I've been meaning to write this up for a while because the number of posts we get from people who've seen something interesting and then have absolutely no useful data to go with it is, frankly, heartbreaking. 'I saw a light, it was moving, I filmed it on my phone' - look, I believe you saw something, but without duration, bearing, estimated altitude, angular size, and some way to rule out the obvious candidates, there's nothing to work with. So here's how I run my setup at home in rural Wiltshire, and approximate costs so you can adapt it to your own situation and budget.
The basics: A decent pair of binoculars (I use a Celestron SkyMaster 15x70, about £65 from Amazon), a tripod adaptor for them (essential - handheld at 15x is useless, another £15), a compass with a clinometer for recording bearings and elevations, a notepad, and a red torch so you're not ruining your night vision every time you write something down. Total outlay under £100. This is your minimum viable kit. Everything else is optional but useful.

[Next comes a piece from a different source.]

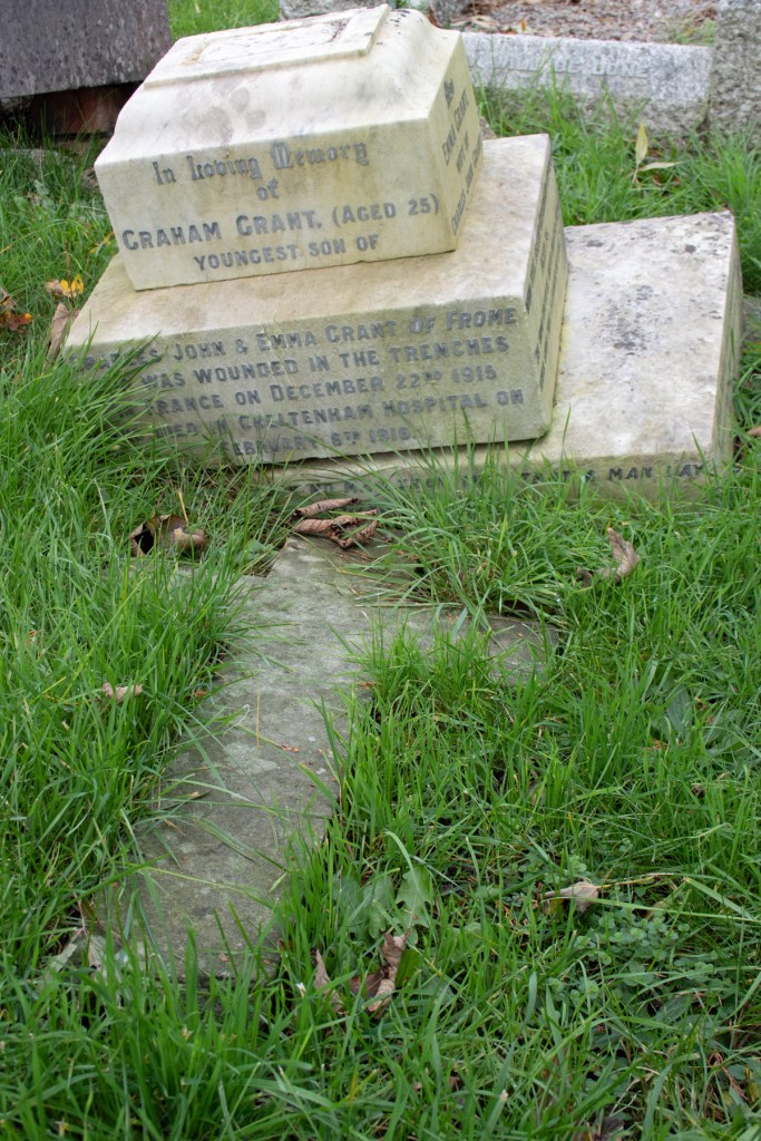 Graham Grant’s body was brought back to Frome, and laid to rest in the graveyard of Christ Church in the town. The funeral, at the family’s request, was devoid of any military fanfare or involvement.

If you want to go further: a decent action camera on a wide-angle mount pointed at a fixed patch of sky gives you continuous recorded coverage, which is how you catch things you'd otherwise miss because you were looking somewhere else. I use a GoPro Hero 11 (the older models are fine and you can get a used Hero 9 for about £80) pointed roughly south-southwest because that's the bearing that's given me the most interesting captures here. I also run a simple weather station - temperature, pressure, humidity - because a lot of apparent anomalies are atmospheric optical effects that correlate with specific conditions. Ruling those out is half the job.
Now - and here I invite the inevitable debate - what are we actually looking for and what constitutes a meaningful find? Over to the floor.